Ich sitze vor der Hütte am Bankerl in der Sonne. Mit Anorak und Haubi, obwohl es Mitte Mai ist. Es ist definitiv kühler, als wir es während unseres letzten Winterurlaubs in Tirol im Dezember hatten. In der Hand habe ich ein Glas Sauvignon blanc aus der Südoststeiermark. Ein wundervoller Lagenwein. Etwas, das es 2016 wahrscheinlich nicht geben wird. Denn selbst der sonnigste Kogel ist diesen Mai im Schnee erfroren. Unvorstellbar, was die heurigen Wetterkapriolen für viele Menschen bedeuten werden. Und für die Wirtschaft einer ganzen Region. Als Obst- oder Weinbauer hat man im Moment definitiv Grund für alle möglichen Anfälle. Und auch mein vollstes Verständnis und Mitgefühl. Ich frag mich nur: Warum spinnen all die anderen auch?
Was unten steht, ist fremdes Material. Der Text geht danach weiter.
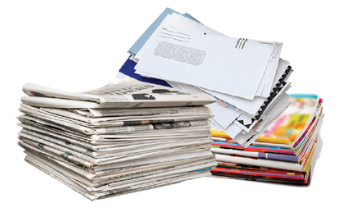
Paper, Newspaper, Magazines & Junk Mail (No Need to Tie or Bundle)

Die letzte Arbeitswoche war anstrengend. Abgesehen davon, dass es mehr Angina und grippale Infekt zu behandeln gab als in einem durchschnittlichen Februar, sind die Leute offensichtlich wirklich ziemlich fertig. Mindestens einmal in der Stunde wird eine ganz normale Infektkon­trolle zum psychotherapeutischen Großereignis. Das Wartezimmer wird immer voller und es geht einfach nichts weiter. Es beginnt immer ähnlich. Wenn ich mich vom Patienten verabschieden möchte, kommt die Frage: „Ich hab da noch eine Kleinigkeit, haben Sie noch ein wenig Zeit?“ Natürlich habe ich immer Zeit, und natürlich ist es niemals eine Kleinigkeit. Dafür aber eine ausgewachsene Lebenskrise oder der ganz große Weltschmerz. Also wird geredet, zugehört und viel geheult. Und das Wartezimmer wird noch voller.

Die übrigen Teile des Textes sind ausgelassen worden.